The Bayesian credible region has the following meaning - again articulated by Vanderplas:
Given our observed data, there is a 95% probability that the true value of $\theta$ lies within the credible region.
Weirdly enough, the veracity this statement can be tested using exactly the same procedure as we used to test the coverage of confidence intervals. That is, the credible interval should contain the true value the prescribed fraction of the time, given a large number of independent data sets. Let's try it out.
test_coverage(bayesian, 10.0)
Checkpoint: lo and behold, it does! (And, to boot, it contains only allowed values of $\theta$.)
Of course, the above test isn't really necessary except to the extent that it might catch a programming error. By definition and by math, the credible interval must do what it claims to; we made no creative decisions and relied on no approximations to define the procedure for finding the credible interval (apart from defining the generative model, which all the approaches depend on).

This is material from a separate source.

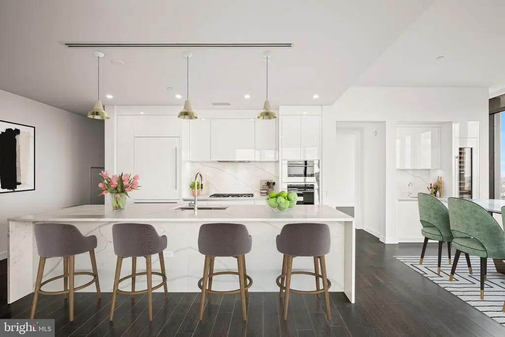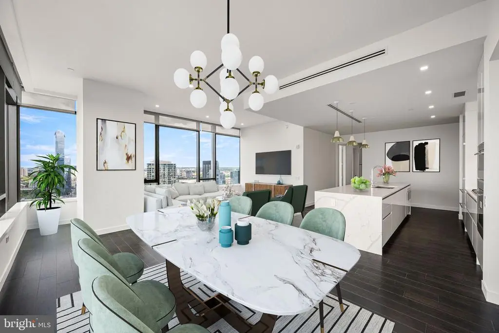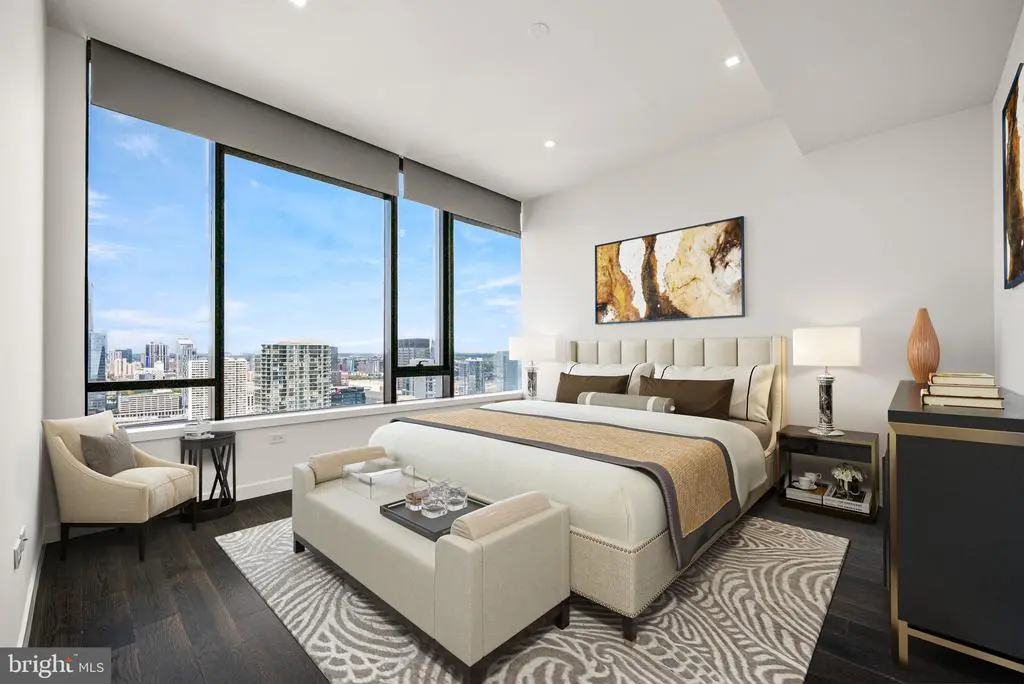 Welcome to The Laurel. Named for Pennsylvania's state flower, The Laurel introduces a lifestyle worthy of this final residential opportunity on prestigious Rittenhouse Square. With hotel-like amenities included for all owners, we offer the carefree enjoyment of city living. The meticulously curated array of services and amenities include an indoor and outdoor pool along with a stunning club room and expansive terrace overlooking the Square. "Above it All" with panoramic vistas of city and sky, we are the tallest all residential building in Philadelphia. The Sky Residence 2(S2) on 27th floor is a 2 bedroom + study/2.5 bath home located on the South West corner. The western views from the expansive wraparound windows in the living and dining areas showcase the beautiful sunsets over the Schuylkill River. Over 2000 square feet of luxury awaits you. Featuring 10 foot ceilings, this home is sure to WOW ! The custom built high gloss Polar White European kitchen cabinets by Hans Krug flow into open living and dining areas. The appliance package includes a Sub-Zero integrated refrigerator, Wolf gas cooktop, state of the art steam oven and full size convection oven. The oversized kitchen island features White Statuary Quartz counters with waterfall edges, a large under mounted sink, Dornbracht faucet, Signature Series dishwasher and under-counter drawer microwave. The Owner's bathroom is complimented with by an expansive shower with Fantini shower fixtures. The luxurious freestanding soaking tub sits atop stunning marble floors surrounded by floor to ceiling porcelain walls. A laundry room with full size Maytag washer and vented dryer complete this magnificent residence. Our on-site Sales Gallery is open 7 days a week. ***One parking space is included in listed price, second parking space is available for additional $100,000***

What have we done here? You have, for an admittedly contrived yet entirely plausible scenario, showed that
The point here is less to bash frequentism than to point out some of its complexities and the apparent contraditions that can it can sometimes produce, as well as to get a little practice using those methods. We note, however, that in general the process of finding a maximum-likelihood confidence interval would involve numerical optimization rather than pencil and paper work.